**STORED DATA:**
· · · · · · ·
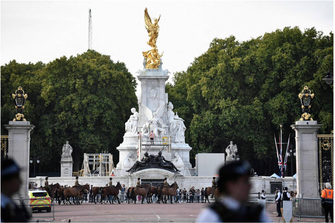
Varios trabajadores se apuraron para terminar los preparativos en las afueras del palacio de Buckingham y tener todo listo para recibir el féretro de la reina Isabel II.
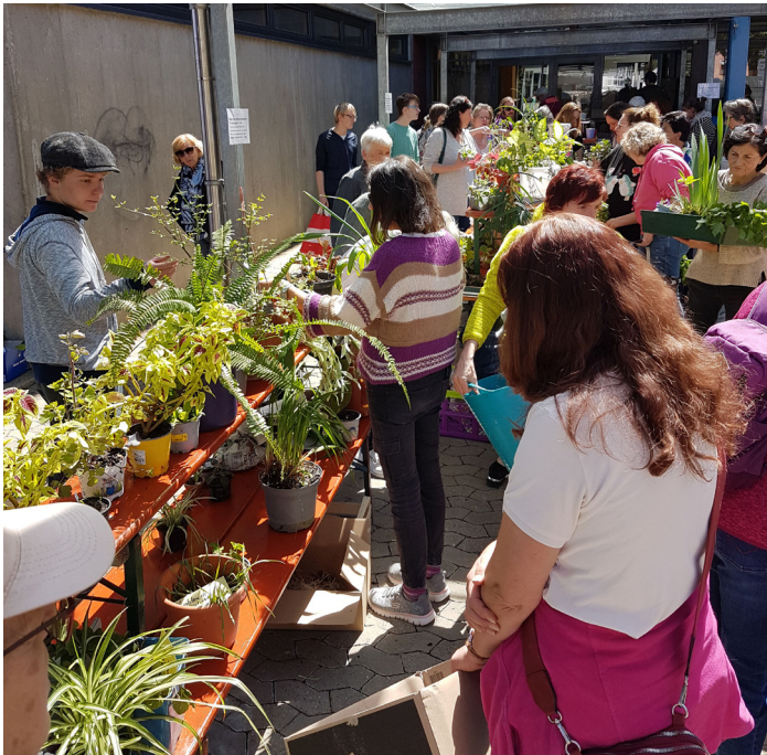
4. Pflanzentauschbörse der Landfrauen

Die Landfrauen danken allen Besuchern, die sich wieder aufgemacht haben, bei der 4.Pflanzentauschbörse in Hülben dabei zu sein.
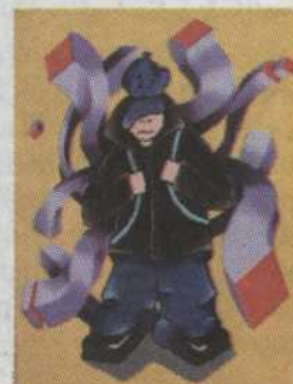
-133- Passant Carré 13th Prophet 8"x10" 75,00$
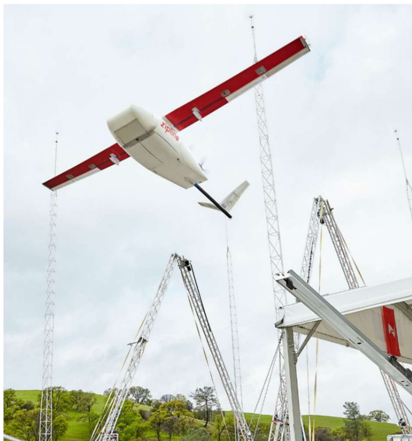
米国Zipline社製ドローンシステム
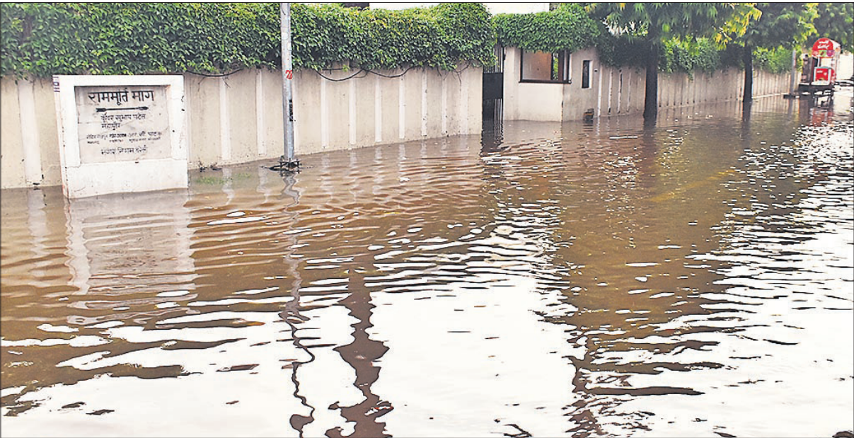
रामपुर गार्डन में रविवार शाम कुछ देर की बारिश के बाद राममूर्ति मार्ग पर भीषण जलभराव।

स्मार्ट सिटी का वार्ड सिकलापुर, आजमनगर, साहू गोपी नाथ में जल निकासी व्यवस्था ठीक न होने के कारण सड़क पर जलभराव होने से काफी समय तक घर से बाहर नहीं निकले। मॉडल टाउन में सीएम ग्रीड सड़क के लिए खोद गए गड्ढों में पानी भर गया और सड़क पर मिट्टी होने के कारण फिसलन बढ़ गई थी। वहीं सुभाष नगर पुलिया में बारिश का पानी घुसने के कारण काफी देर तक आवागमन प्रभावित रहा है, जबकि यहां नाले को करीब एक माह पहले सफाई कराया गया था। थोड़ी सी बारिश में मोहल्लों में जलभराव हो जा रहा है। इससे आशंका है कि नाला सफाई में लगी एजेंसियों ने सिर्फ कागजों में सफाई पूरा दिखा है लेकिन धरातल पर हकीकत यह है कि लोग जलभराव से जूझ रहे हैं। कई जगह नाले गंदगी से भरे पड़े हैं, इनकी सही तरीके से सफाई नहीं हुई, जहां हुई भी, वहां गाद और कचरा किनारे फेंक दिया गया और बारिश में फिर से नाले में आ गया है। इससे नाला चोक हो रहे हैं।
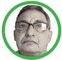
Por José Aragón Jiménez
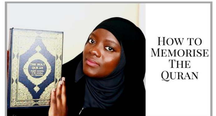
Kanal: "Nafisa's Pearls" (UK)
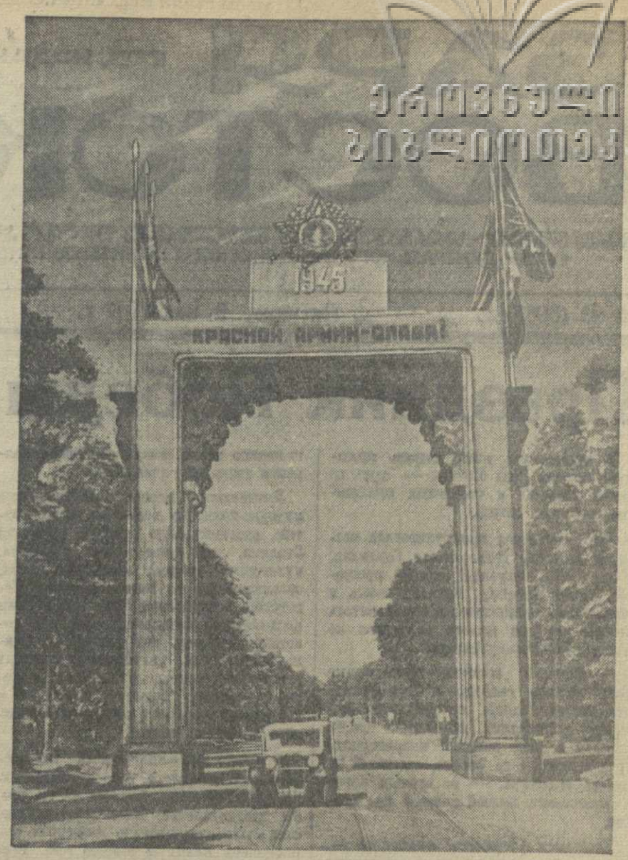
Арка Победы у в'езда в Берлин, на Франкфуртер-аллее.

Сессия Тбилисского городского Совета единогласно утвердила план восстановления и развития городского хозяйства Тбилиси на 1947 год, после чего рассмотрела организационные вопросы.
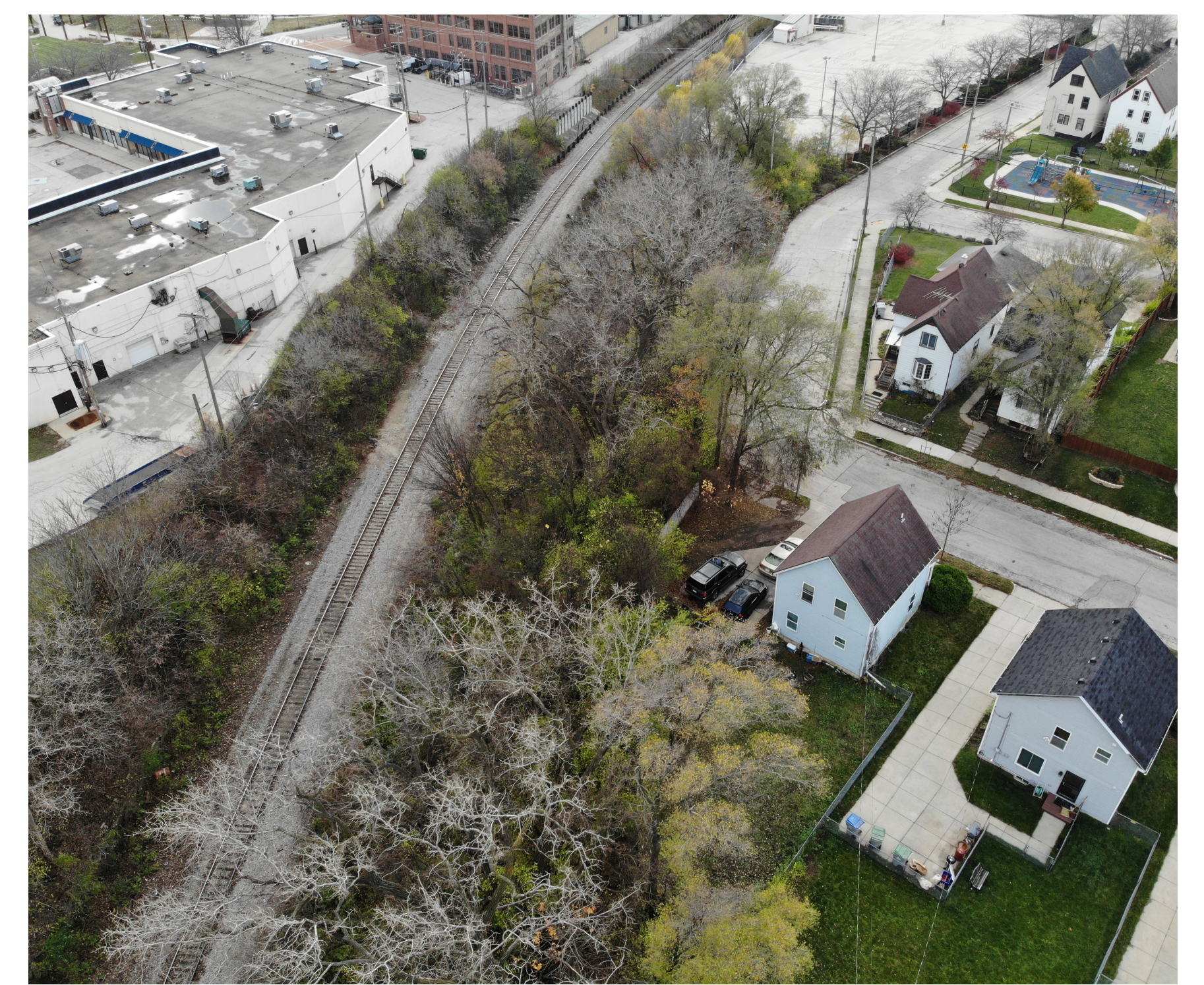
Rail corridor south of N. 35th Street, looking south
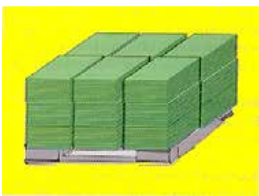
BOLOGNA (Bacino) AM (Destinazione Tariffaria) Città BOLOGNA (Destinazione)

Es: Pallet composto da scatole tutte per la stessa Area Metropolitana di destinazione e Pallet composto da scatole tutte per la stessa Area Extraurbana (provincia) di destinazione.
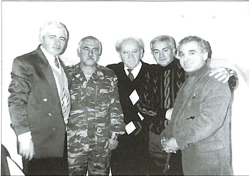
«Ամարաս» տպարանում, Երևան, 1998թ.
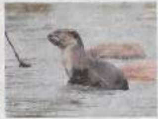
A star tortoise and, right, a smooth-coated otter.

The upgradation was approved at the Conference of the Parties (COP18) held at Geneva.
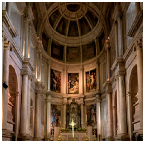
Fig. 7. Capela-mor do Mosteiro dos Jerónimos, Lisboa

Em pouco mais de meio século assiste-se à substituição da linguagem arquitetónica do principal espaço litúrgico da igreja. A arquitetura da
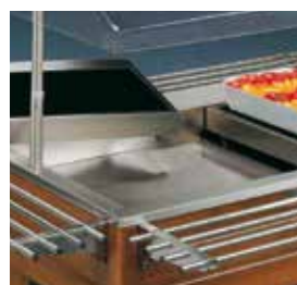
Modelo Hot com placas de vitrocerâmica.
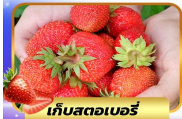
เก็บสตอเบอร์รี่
· · · · · · ·
**PROBLEM TO WORK ON:** Please set down only the lines from the one containing "Modelo Hot com placas de vitrocerâmica." through the end of the entries, exactly as they stand, both ends included and with no pictures.

**TASK ANSWER:**
Modelo Hot com placas de vitrocerâmica.
เก็บสตอเบอร์รี่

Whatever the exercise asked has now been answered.